Hasan, a devout Muslim, could have been radicalized, and the probe should determine whether the Army missed any clues that he held extreme views, said Lieberman.

At Fort Hood, most of the community did not have time to dwell on the motives of the attack.

Instead, the 20th Engineering Battallion, which had four of its soldiers killed and 11 others wounded in the attack, spent Sunday delivering care packages of food as well as homemade meals to victims' families.

'It's very surreal to wake up and have something happening not in Iraq or Afghanistan but on the home front,' said Lieutenant Colonel Pete Andrysiak.

But as his soldiers prepare to deploy in January to Afghanistan, this serves as a powerful reminder that the community will take care of the families if something were to happen to them.

'This is what the Army's all about,' said his wife, Kasey.

She said the care team with which she volunteers was accustomed to helping families of soldiers in Iraq and Afghanistan, 'but never do you think you're going to do a terror attack.' She describe Fort Hood as horrified and stunned, but not wasting time with anger toward the gunman.

Secret Service agents were seen Sunday on the base, preparing security arrangements for President Barack Obama's visit to attend a memorial service on Tuesday.

Army officials on Saturday released the names of the 13 people killed in the attack before holding a brief moment of silence.

Hasan remained in the intensive care unit of the Brook Army Medical Centre in San Antonio, Texas but has been removed from a ventilator.

Chris Grey, a spokesman for the Army's Criminal Investigation Unit, said investigators have found no evidence to contradict the appearance that Hasan acted alone when he allegedly opened fire with two hand guns. Grey stressed that no motive had yet been established for the attack.
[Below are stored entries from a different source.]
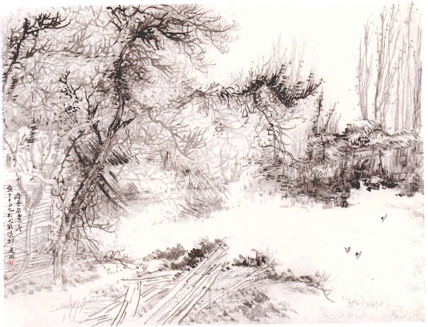
维吾尔农舍 70cm × 90cm 布本 2010年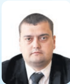
Володимир ОСЯДАЧ, в. о. голови Тернопільської райдержадміністрації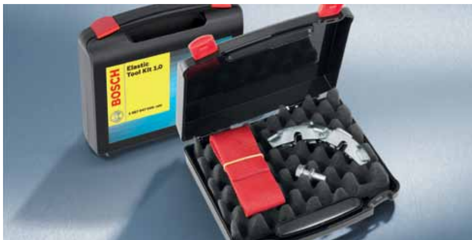
Elastic Tool Kit: uniwersalne narzędzie montażowe w praktycznej walizeczce.

Elastyczne paski wielorowkowe pracują w układach beznapińczowych. Z tego powodu do prawidłowego montażu i demontażu wymagane jest specjalne narzędzie. Wychodząc naprzeciw potrzebom, Bosch oddaje do dyspozycji warsztatów uniwersalne narzędzie Elastic Tool Kit, pasujące do niemal wszystkich popularnych modeli samochodów. Teraz możliwa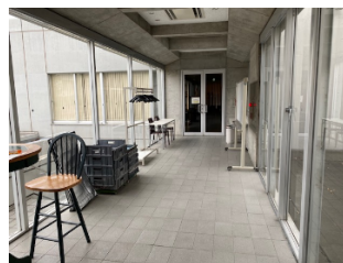
↑ 左手奥の扉が会場 The door at the back on the left side is the venue.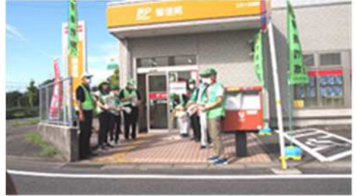
三好ヶ丘郵便局前 啓発活動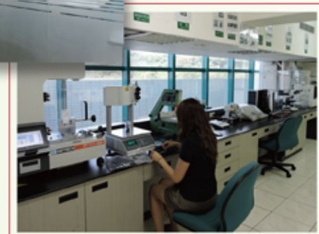
研發中心實驗分析室常見美麗忙碌的身影

Hasan was to have deployed in late November to Afghanistan but had voiced opposition to the war. He reportedly shouted, 'Allahu Akbar,' or 'God is great,' before emptying two handguns - firing more than 100 rounds - at the Texas base's centre that prepares soldiers for deployment overseas.

Investigators have conducted more than 170 interviews and were at work reconstructing the scene. There was no evidence that any of those who died had been killed by those responding to the attack.

The shootings shocked a military base accustomed to grieving for soldiers killed in combat. The rampage brought the wars closer to home and highlighted the growing stress on the men and women who have been repeatedly deployed to Iraq and Afghanistan for extended combat duty during the last six to nine years.

The mental health of soldiers has become an increasingly high priority for the US Army, which has been coping with a high number of suicides by soldiers who returned from battle.